Saved data entries:
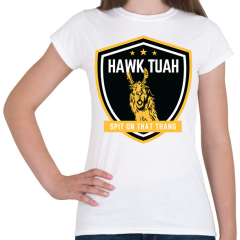 1 kép PRINTFASHION Hawk Tuah… Spit On That Thang - láma - Női póló - Fehér
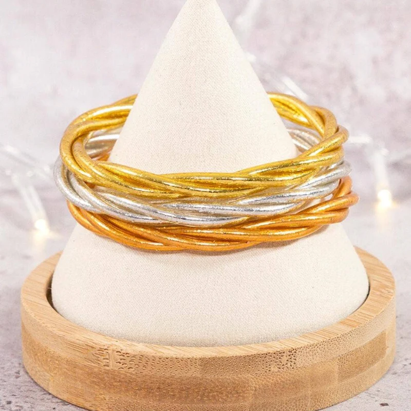 « Rayonnez avec ces véritables bracelets bouddhistes en jonc doré . Connus sous le nom de « kumlaï », traduit du Thaïlandais par bracelet en or. Superbe amulette porte bonheur, chaque bracelet est fabriqué dans un atelier en Thaïlande.
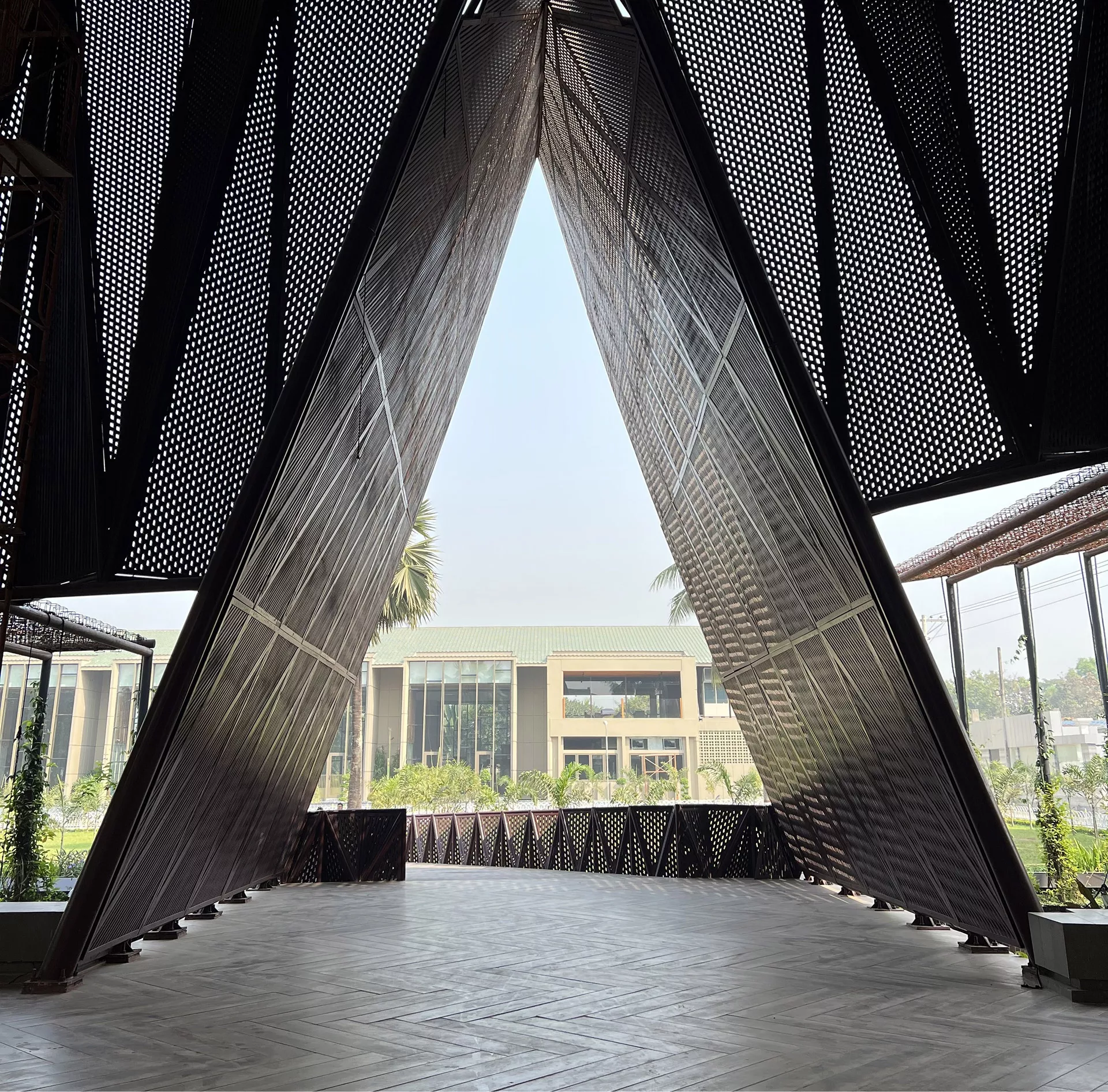 The interior space is an open, airy environment surrounded by lush greenery. Transparency and openness of the design encourage a communal atmosphere where people can connect over meals while being surrounded by the tranquillity of plants and natural light. The use of green walls and large openings blurs the boundary between the built structure and the outdoors, reinforcing a biophilic experience. The lounge is more than just a dining space—it is a sanctuary where architecture, nature, and community converge.
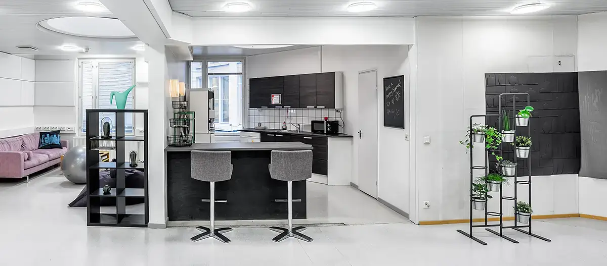 Located alongside Kamppi Shopping Center, VillageWorks Sähkötalo is ideally positioned for those seeking both convenience and vibrancy. The area boasts a rich selection of cafes and restaurants, offering everything from casual dining to gourmet experiences. For those relying on public transport, the nearby Kamppi Metro Station and tram stops provide seamless connectivity across Helsinki. The shopping center itself provides a plethora of retail outlets, entertainment venues, and essential services, ensuring every need is catered to within a short walking distance. Additionally, the proximity to parks and recreational spaces offers opportunities for relaxation or casual outdoor meetings, enhancing the appeal of this bustling urban location for professionals and creatives alike.
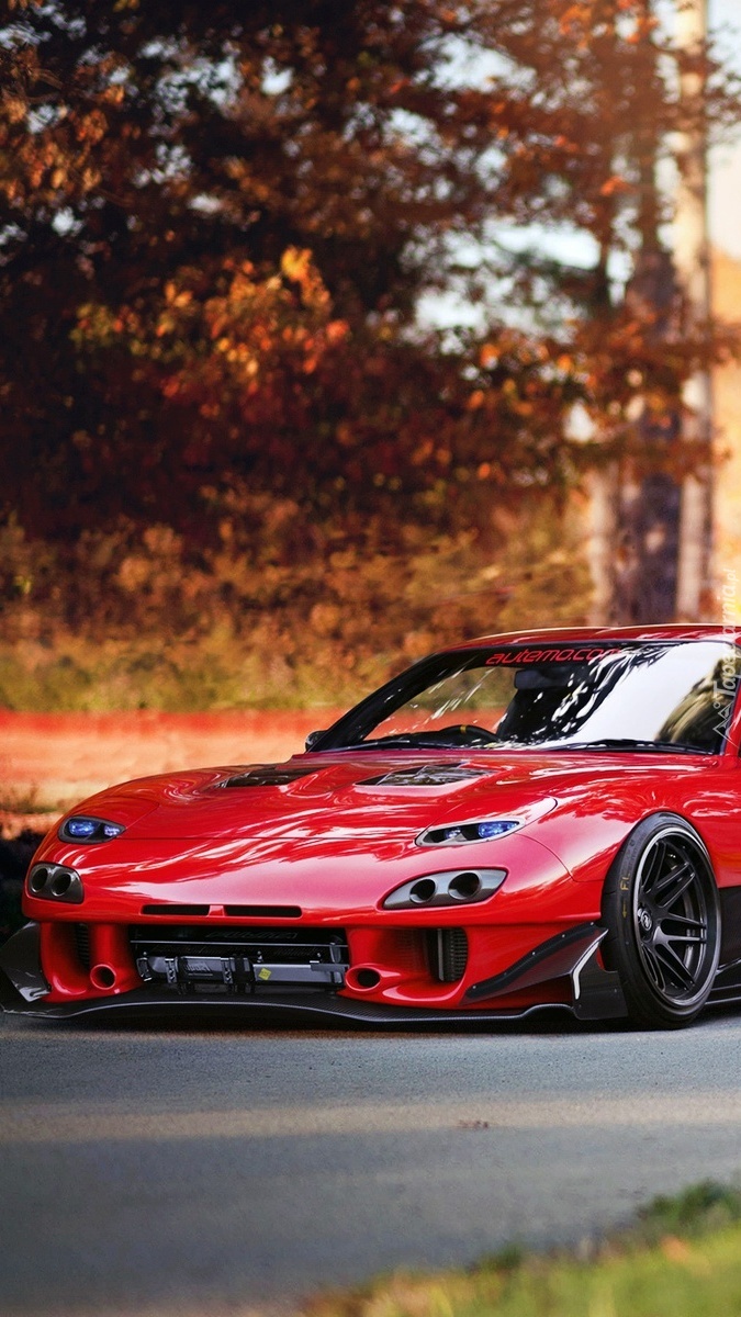 Edytor tapety: Czerwona Mazda RX-7 na drodze

Exercise objective.
The entries are to be copied exactly, and each image is to be omitted.

Task output.
 1 kép PRINTFASHION Hawk Tuah… Spit On That Thang - láma - Női póló - Fehér
 « Rayonnez avec ces véritables bracelets bouddhistes en jonc doré . Connus sous le nom de « kumlaï », traduit du Thaïlandais par bracelet en or. Superbe amulette porte bonheur, chaque bracelet est fabriqué dans un atelier en Thaïlande.
 The interior space is an open, airy environment surrounded by lush greenery. Transparency and openness of the design encourage a communal atmosphere where people can connect over meals while being surrounded by the tranquillity of plants and natural light. The use of green walls and large openings blurs the boundary between the built structure and the outdoors, reinforcing a biophilic experience. The lounge is more than just a dining space—it is a sanctuary where architecture, nature, and community converge.
 Located alongside Kamppi Shopping Center, VillageWorks Sähkötalo is ideally positioned for those seeking both convenience and vibrancy. The area boasts a rich selection of cafes and restaurants, offering everything from casual dining to gourmet experiences. For those relying on public transport, the nearby Kamppi Metro Station and tram stops provide seamless connectivity across Helsinki. The shopping center itself provides a plethora of retail outlets, entertainment venues, and essential services, ensuring every need is catered to within a short walking distance. Additionally, the proximity to parks and recreational spaces offers opportunities for relaxation or casual outdoor meetings, enhancing the appeal of this bustling urban location for professionals and creatives alike.
 Edytor tapety: Czerwona Mazda RX-7 na drodze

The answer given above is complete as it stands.